Telecommunications giant CenturyLink held a “Feed the Children Backpack Buddies Food Drive” in early June at hundreds of company locations across the nation. Employees raised both money and food, and the CenturyLink Clarke M. Williams Foundation then employed “a complicated formula” to calculate its match, said Share spokeswoman Jessica Lightheart. (A call to spokesman Martin Flynn of CenturyLink seeking an explanation of the complexity went unreturned Friday.)

The bottom line is, the CenturyLink Foundation allocated $1 million to hunger relief programs around the nation, and the largest single chunk of that money — $183,976 — went to Share in the form of a matching grant. That lifted the total for Share’s annual spring Hunger Appeal drive to $271,334.

Learn more at Share.

CenturyLink is the third largest telecommunications company in the United States.

And, $20,000 came from Kaiser Permanente’s “KP Gives” Volunteer Grant program.
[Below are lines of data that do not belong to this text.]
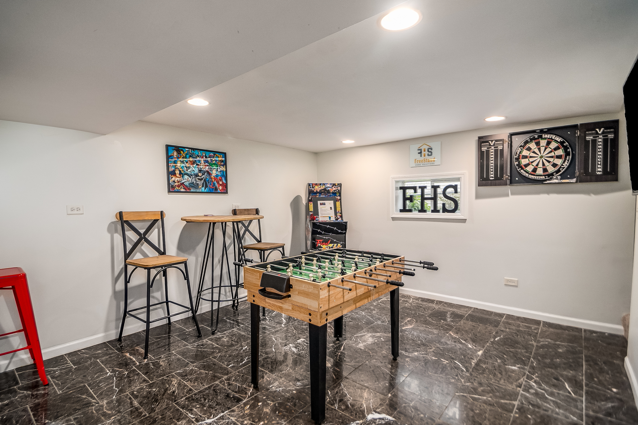 Updated home, with garage and 60+ foot driveway. The home was renovated in 2020, so it presents a modern kitchen with all updated flooring and granite countertops. Arcade Room features Air Hockey Table, arcade cabinet with 2,000 classic games loaded, and darts! Cards and board game options available!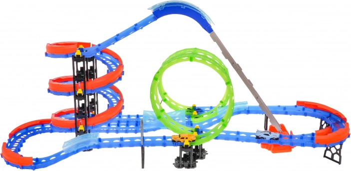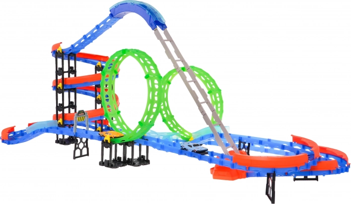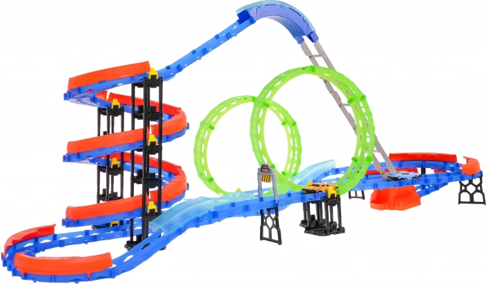 Deze kleurrijke raceset biedt kinderen dynamisch speelplezier met steile opgangen, een dubbele 360°-lus en veiligheidsrailingen in de bochten. Dankzij fluorescerende elementen licht de baan op in het donker en wordt het racen nog leuker. Twee lichte raceautootjes met LED-verlichting worden aangedreven door een ingebouwde 3,7 V-accu en laden op via USB.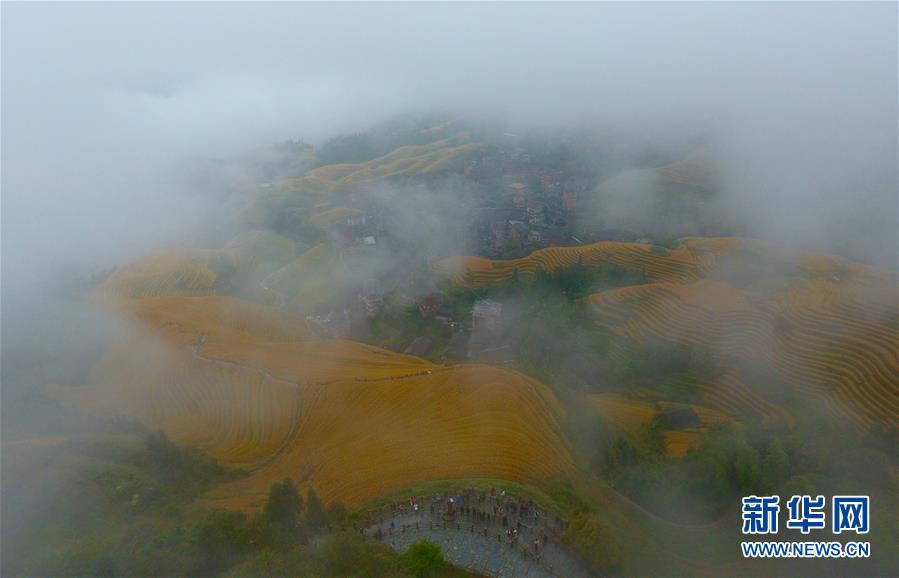 10月16日,游客在秋雨中欣賞龍脊梯田秋色(無人機拍攝)。金秋時節(jié),廣西龍勝各族自治縣龍脊梯田美如畫卷。 新華社記者 黃孝邦 攝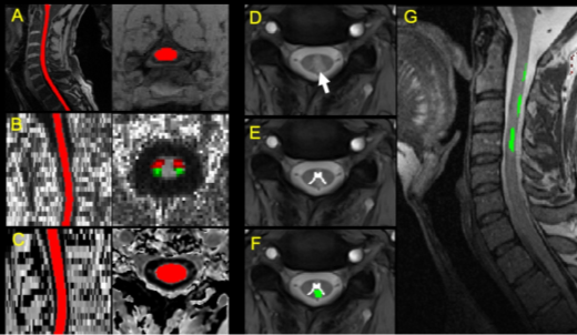 图1.(A)脊髓结构分割示意(B)各向异性分数(FA)图、脊髓丘脑束(红色)和皮层脊髓束(绿色)(C)磁转化图像分割(D)T2* 轴位图,显示灰质和病灶(E)灰质分割(F)病灶分割(G)病灶配准到T2结构像
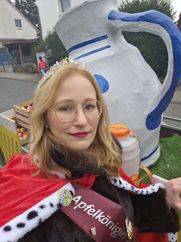 Der Wagen zeigte den vom Adventskreisel bekannten Bembel; die Fußgruppe verteilte Äpfel – was nicht nur bei den Kindern gut ankam. Da durfte natürlich auch Apfelkönigin Astrid I. nicht fehlen!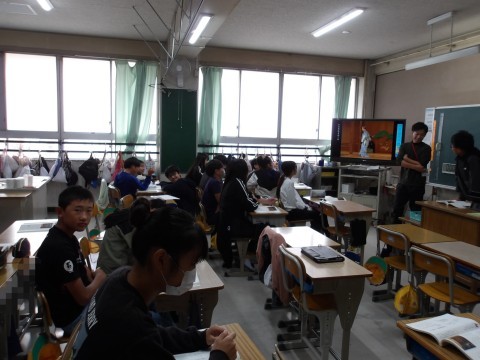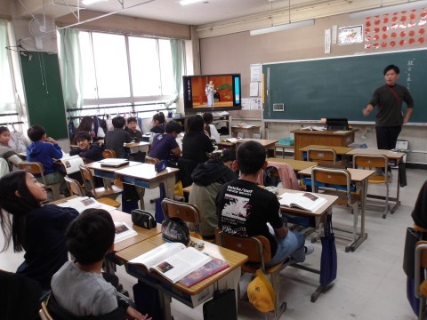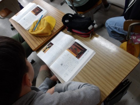 国語では,狂言「柿山伏」の学習をしています。役割を決めて音読し,狂言を楽しみます。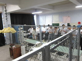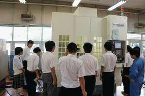 | <学校説明会>(8月21日) 中学3年生を対象に、学校説明会を実施しました。 当日は、462名の参加者がありました。 説明会では、学校の概要や、工業科の説明・進路状況・入試情報・部活動についての話をしました。 見学会では、各工業科の実習室や施設を見学し、実習内容について説明をおこないました。 |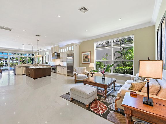 Located in the Banyans community of the prestigious Broken Sound Country Club, this totally renovated home with contemporary lines, crown moldings, 18ft ceilings and breathtaking long, lake views. With over 2,300 living square feet, this stunning 3 bed 3 bath home has been updated with beautiful marble floors and impact windows throughout. Open concept floor plan includes gourmet kitchen, marble counters, oversized center island, Wolf gas range, stainless steel Sub-Zero refrigerator, Wolf microwave, and Thermador dishwasher.The primary suite has pool and lake views, his/her walk-in closets and an updated spa-like bathroom. Private pool and spa overlooking beautiful lake views. New roof in 2019. Water purification and water softening systems. The information herein is deemed reliable and subject to errors, omissions and changes without notice. All measurements are approximate. Buyers must pay a $150 application fee and complete the HOA application for Banyans HOA approval prior to closing. Buyer to pay Banyans $1810 HOA fees quarterly. Buyer to pay a one time $4000 compliance fee to Broken Sound Master Association (BSMA) at closing. New owners wait 1 year to rent.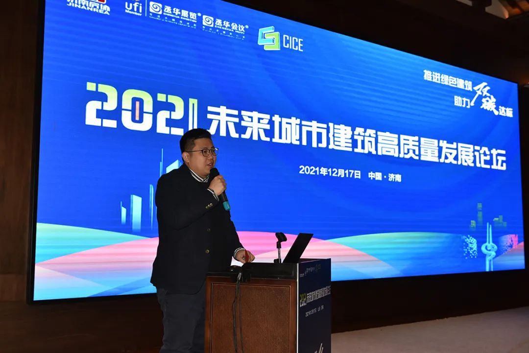 濟(jì)南市房地產(chǎn)業(yè)協(xié)會(huì)秘書長(zhǎng)于泉就“2021未來城市建筑高質(zhì)量發(fā)展論壇”做大會(huì)主持。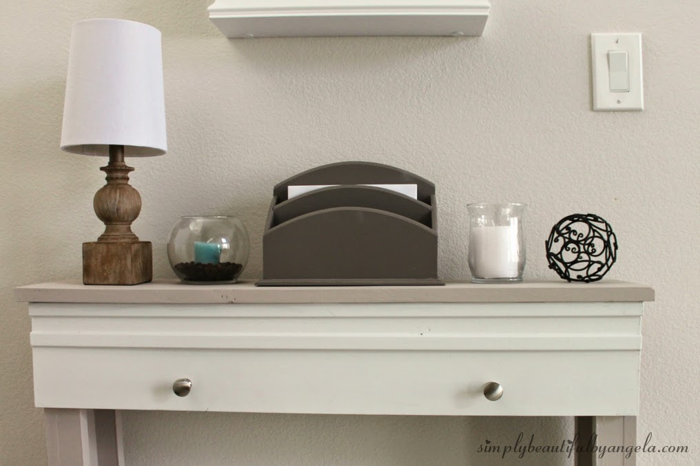 After a coat of primer and 5 coats of paint (yes–FIVE because I’m sooooo indecisive!!!) we now have a beautiful addition to our little foyer.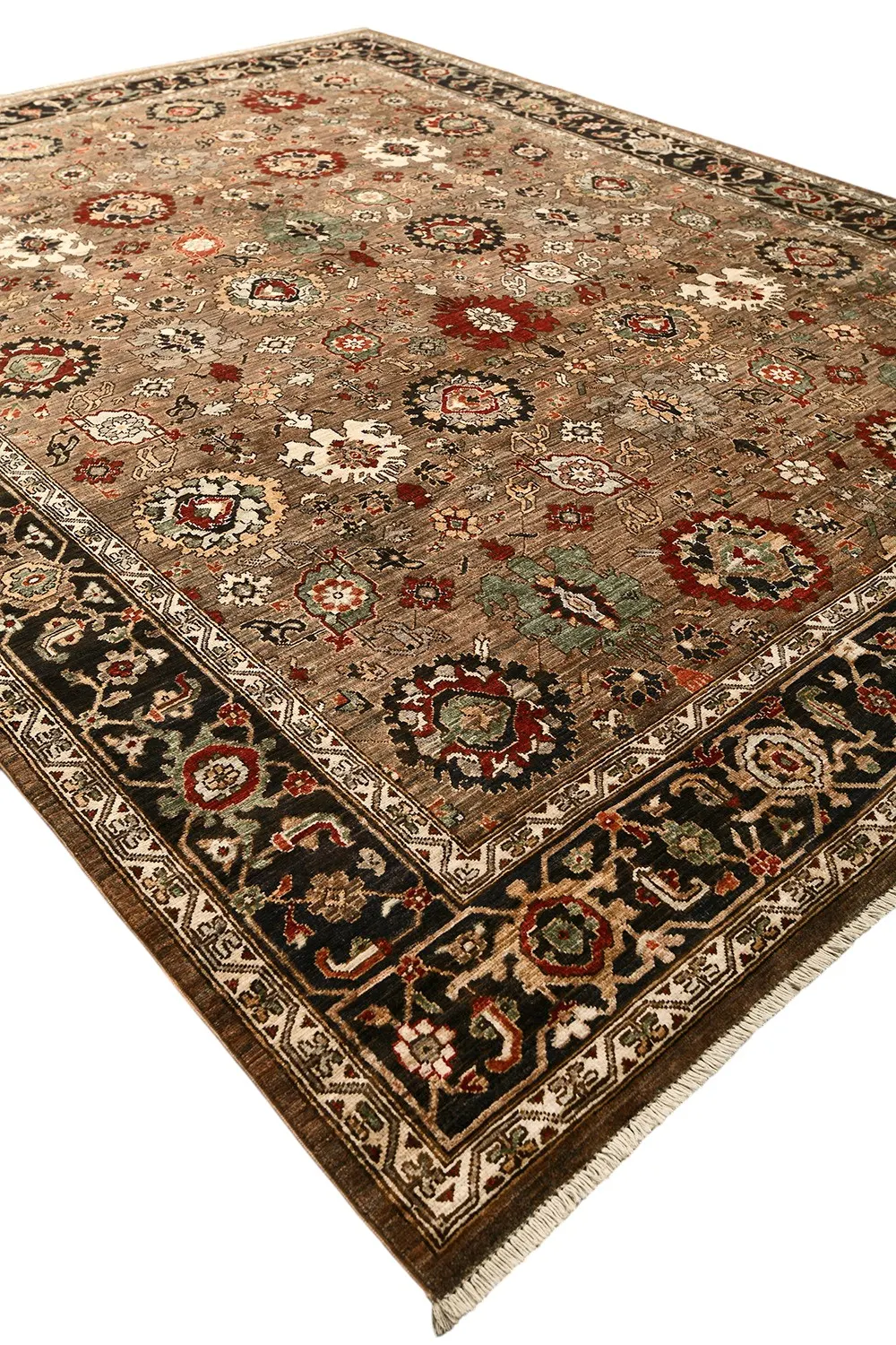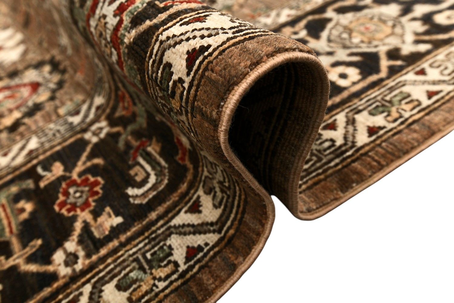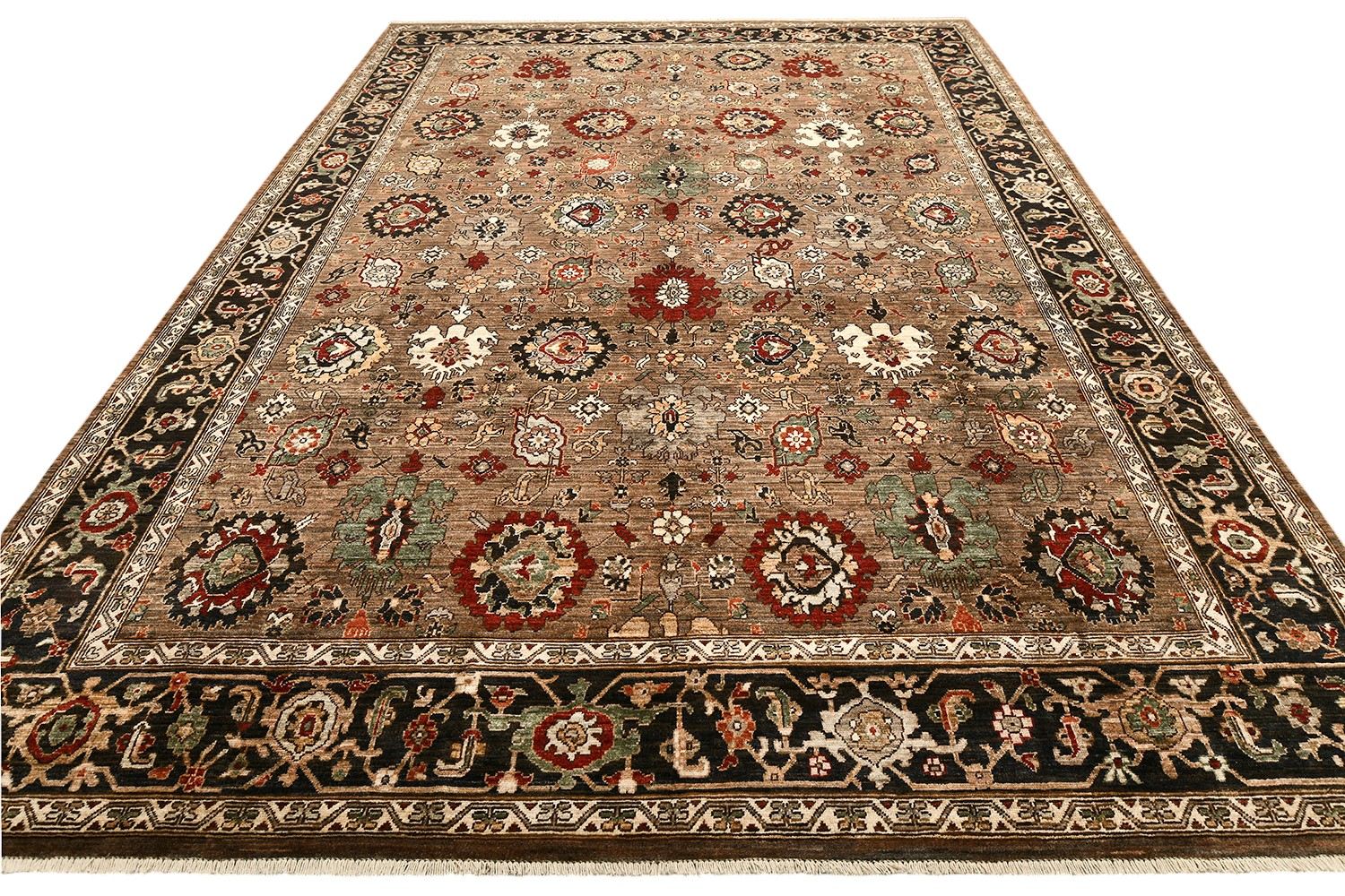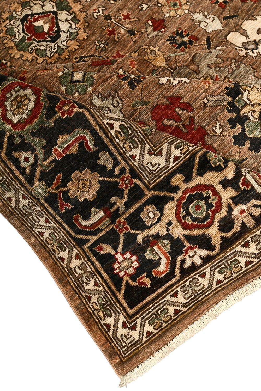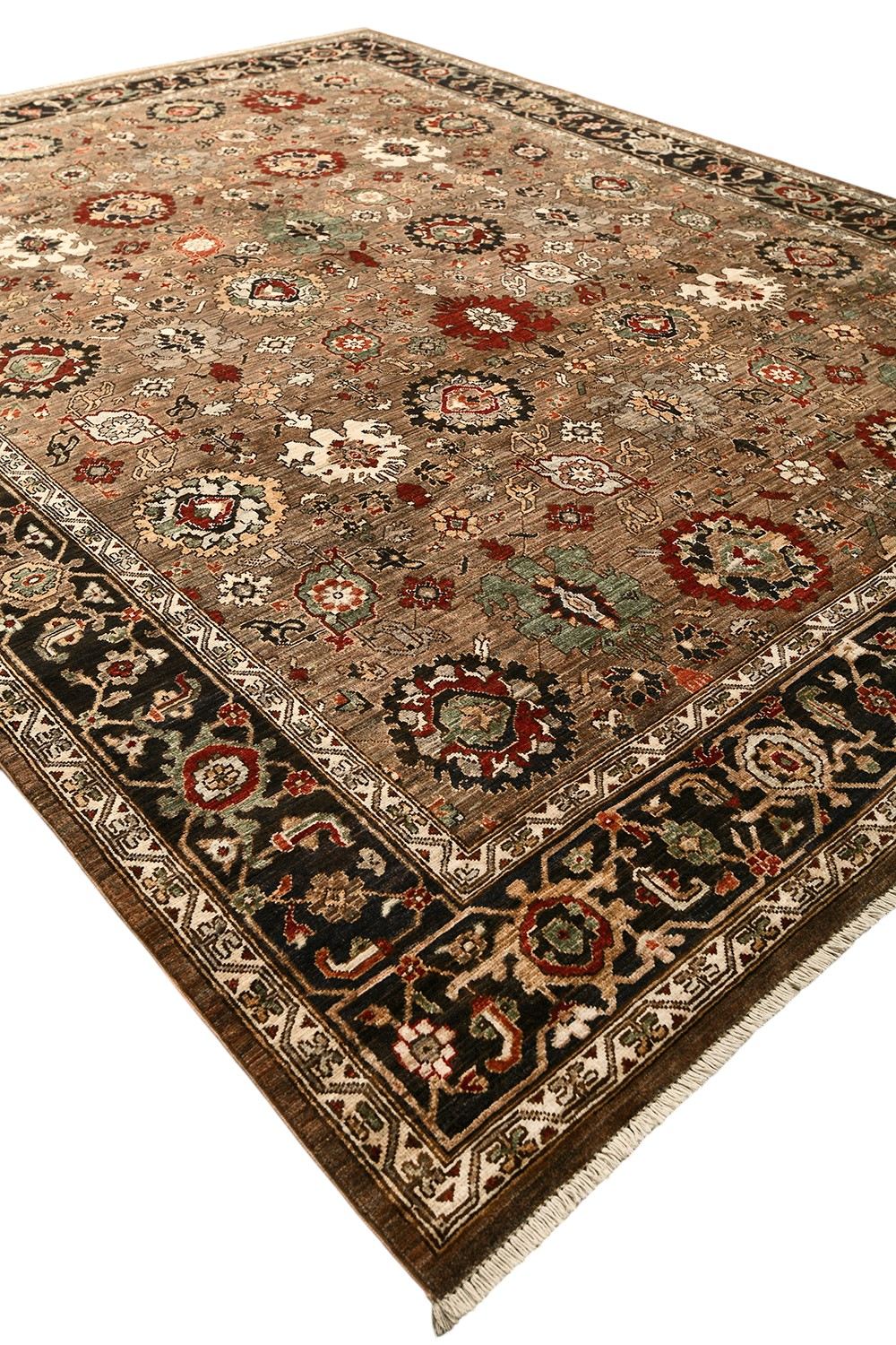 Этот пакистанский ковер Ziegler ручной работы выполнен из натуральной шерсти по древней технологии ткачества, где используется нить веретенной крутки и натуральные красители. Его глубокая гамма коричневых и терракотовых тонов дополнена акцентами зелёного, красного и кремового, а утончённый растительный орнамент подчеркивает его изысканный характер. Такой ковер станет достойным украшением классического и современного интерьера, наполняя пространство теплом и благородством.

That’s an internal Kaiser program that rewards employees for the time they spend volunteering. “If they volunteer 25 hours in a 12-month period” for a nonprofit agency that provides basic needs or operates self-sufficiency programs, that nonprofit can be eligible for a grant, said grants and donations coordinator Diane Gill.

Share’s annual spring Hunger Appeal drive bolsters the agency’s Hunger Response efforts, which include hot meals at Share House, weekend food sent home with schoolchildren, free summer lunches at park programs, and more. Overall, Share’s Hunger Response provides more than 152,500 free meals to hungry men, women and children each year.

According to its most recent financial statement, just under 4 percent of Share’s 2012 income, or $243,964, came from foundation grants. Total income for 2012 was $6.43 million.